2. The next rung of the bond ladder would be created by purchasing a bond that matures in 4 years.
3. Following the pattern set in the steps 1 and 2, the next three bond purchases would be a 6-year, 8-year and 10-year bond, respectively.
Now, a bond will mature every two years after the initial purchase. At maturity, the bond value and interest will be returned. At this point, the principal, the original money used to buy the bond, will be reinvested in a 10-year bond in order to continue having a bond mature every two years. And the interest returned with the bond principal can be used in a different investment or spent. To grow wealth, it’s better to put the interest paid in a holding account, such as a savings account, that allows for flexibility to use the money when a good investment opportunity comes along. In this way, the ladder will continue to create interest income every two years while preserving the original cash to buy new bonds. The bond ladder will work with any type of bond that is sold on the market.

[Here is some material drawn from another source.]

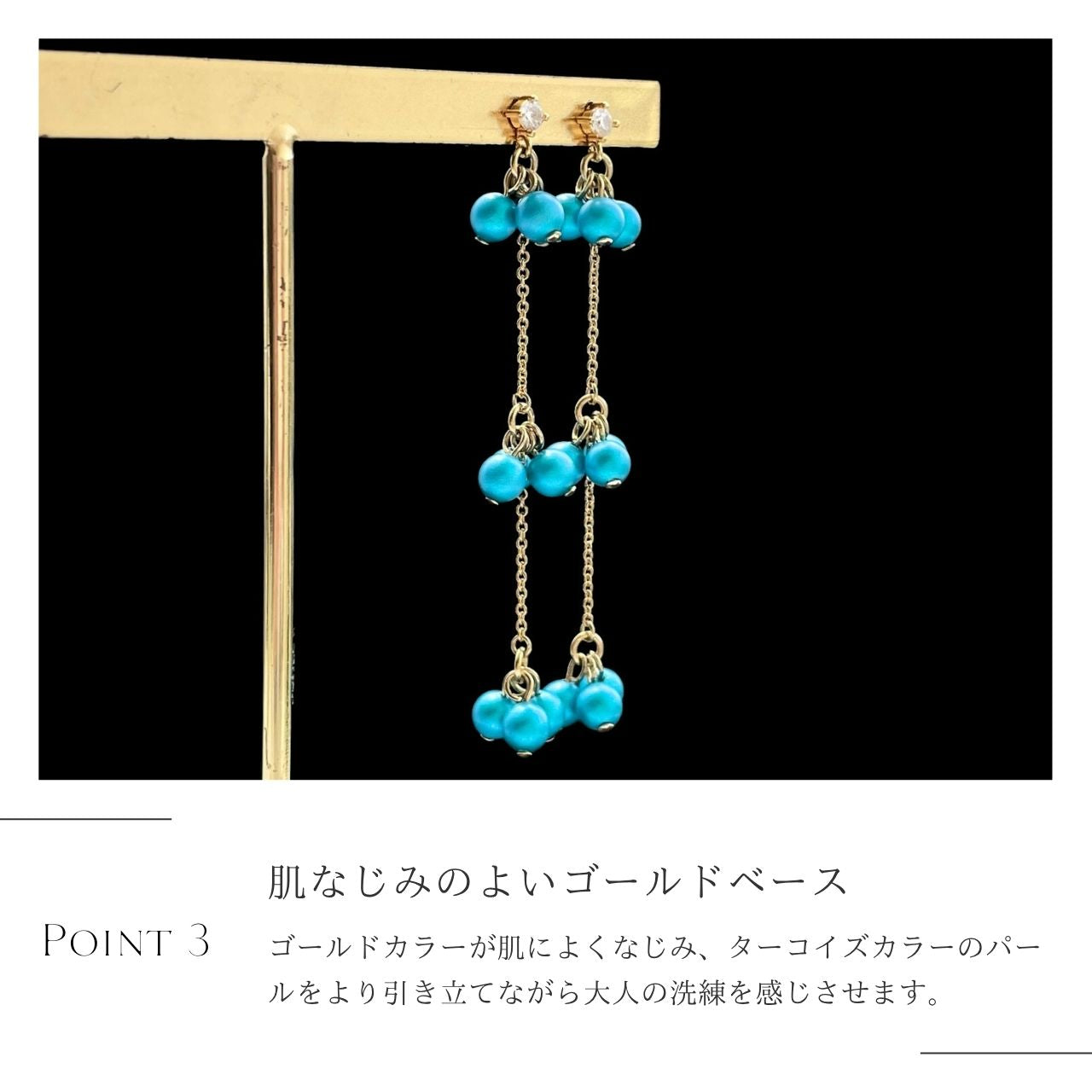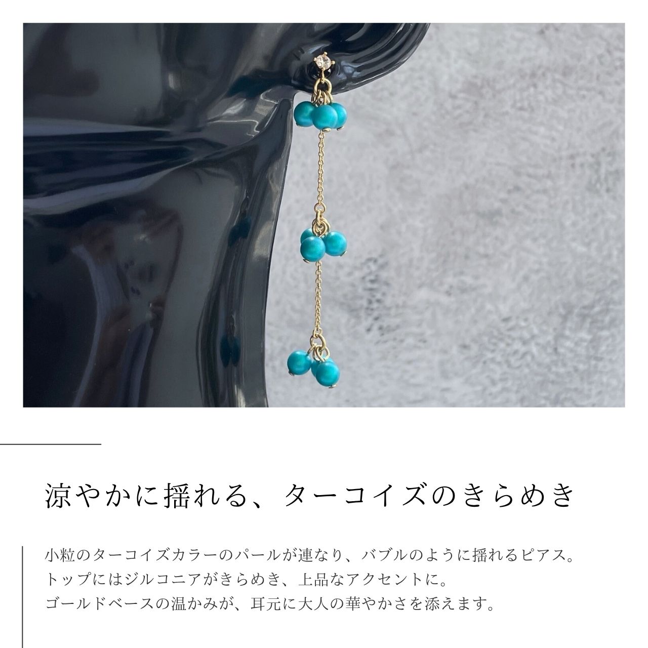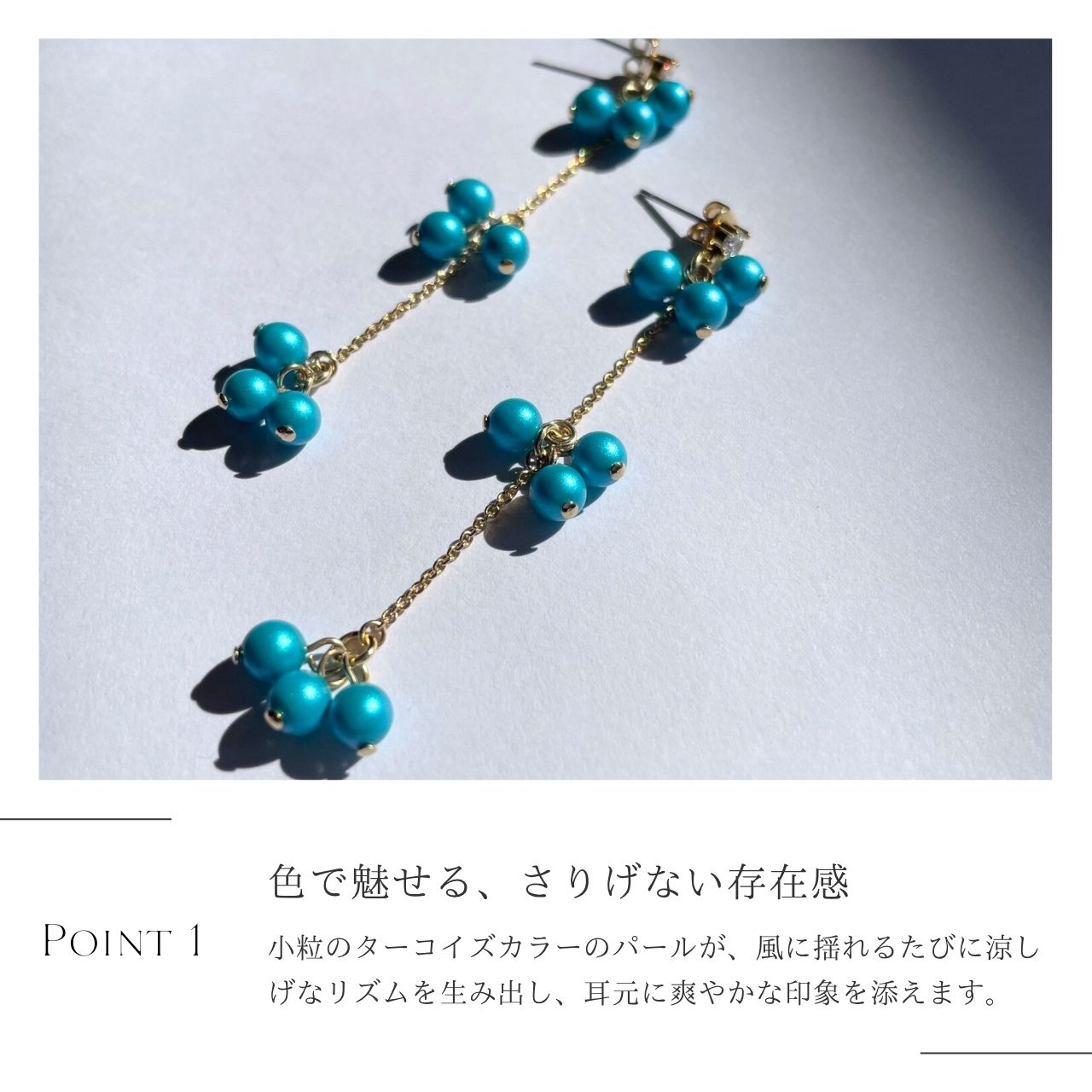 小粒のターコイズカラーのパールが連なり、まるでバブルのように軽やかに揺れるピアス。

How much do you need to make a bond ladder work? Most examples show how to create a bond ladder with $10,000. This leads readers to the erroneous conclusion that a large amount of money is needed to create a bond ladder. But a bond ladder can be created with a much smaller amount. Even buying a set of treasury bonds, what most people think of as United States savings bonds starting at denominations of $25, with different maturity dates can create a bond ladder.
Or if investment principal is at least $500, so that it can be divided equally into five purchases of $100 each, a bond ladder can be built out of Treasury Inflation-Protected Securities (TIPS). The advantage of using TIPS for a low-cost bond ladder is that the principal used to purchase each bond is automatically adjusted for inflation. This is a built-in feature of Treasury Inflation-Protected Securities.
As with all investments, there is a degree of risk. The assumption behind creating a bond ladder is that the agency or company selling the bond doesn’t default or go out of business. Researching the bond market to look for safer bonds that may pay smaller amounts of interest payments, but are less likely to default is key to creating a successful investment experience.